# Bochet - Burnt Honey Mead



## Ledge (Dec 15, 2010)

My mouth is watering just thinking about it....


----------



## Deezil (Jul 1, 2013)

Sounds fantastic;

Went all the way to that "tree pitch" color eh? Lol
Ever tried one to the 'Red' stage?

I'll have to burn-one-black, if I have any honey left after my batches, to see what this 'marshmellow' note is all about.


----------



## burns375 (Jul 15, 2013)

Brochets are nice but dangerous!!! Carmelizing that much honey is scarry and requires constant observation. I carmelized for about 1:30 hrs to a nice medium brown. 

What yeast did you use? I used wyeast sweat meade, very happy with results. The 1-yr meade was a hit with the club and friends.


----------



## Deezil (Jul 1, 2013)

The batch I vaguely covered here was only a quart of honey & it frothed up pretty well; you just need to do the boil in a pot that is 5-7x the amount of honey being boiled, and stir it rather constantly. 

Adding water to dilute at the end can be tricky as well, you need to add hot/almost boiling water to keep the molten honey from spitting at you for that first addition, then you can step the temp down.

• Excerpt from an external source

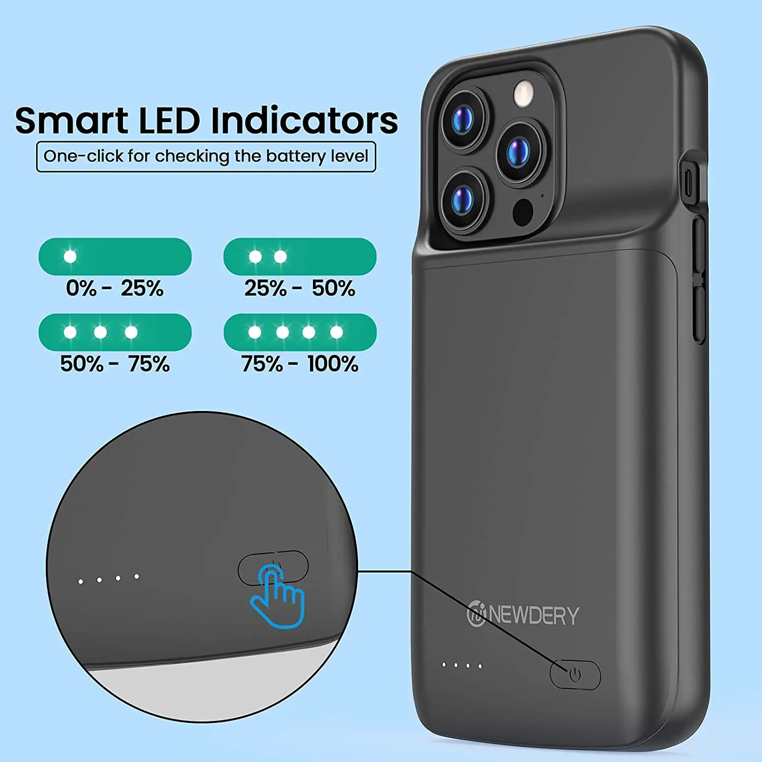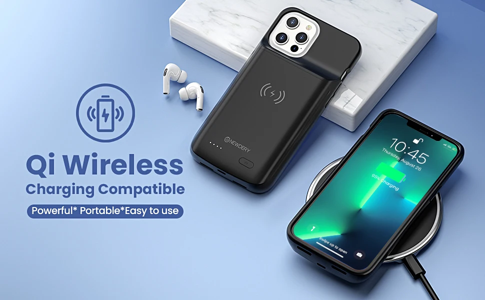 NEWDERY чехол для батареи для iPhone 13 Pro Max, 4800mAh Qi беспроводной Расширенный чехол для зарядки, тонкий портативный защитный чехол для зарядного устройства для iPhone 13 Pro Max-6.7inch

I used EC-1118 because it was a small experiment in a larger endeavor, and I wanted to use a rather neutral-profile yeast


----------



## WVMJ (Apr 2, 2012)

Hey Deezil, not sure what tree pitch color is, sounds light, ours is black, just not "I dropped my marshmallow in the fire" black, well past the red stage. We wore protective gear when adding the water back. Found a new idea for a big cooker but have to give it a try before writing about it plus the wife just ordered a new and much better pressure cooker so we have to try that one out again. WVMJ


----------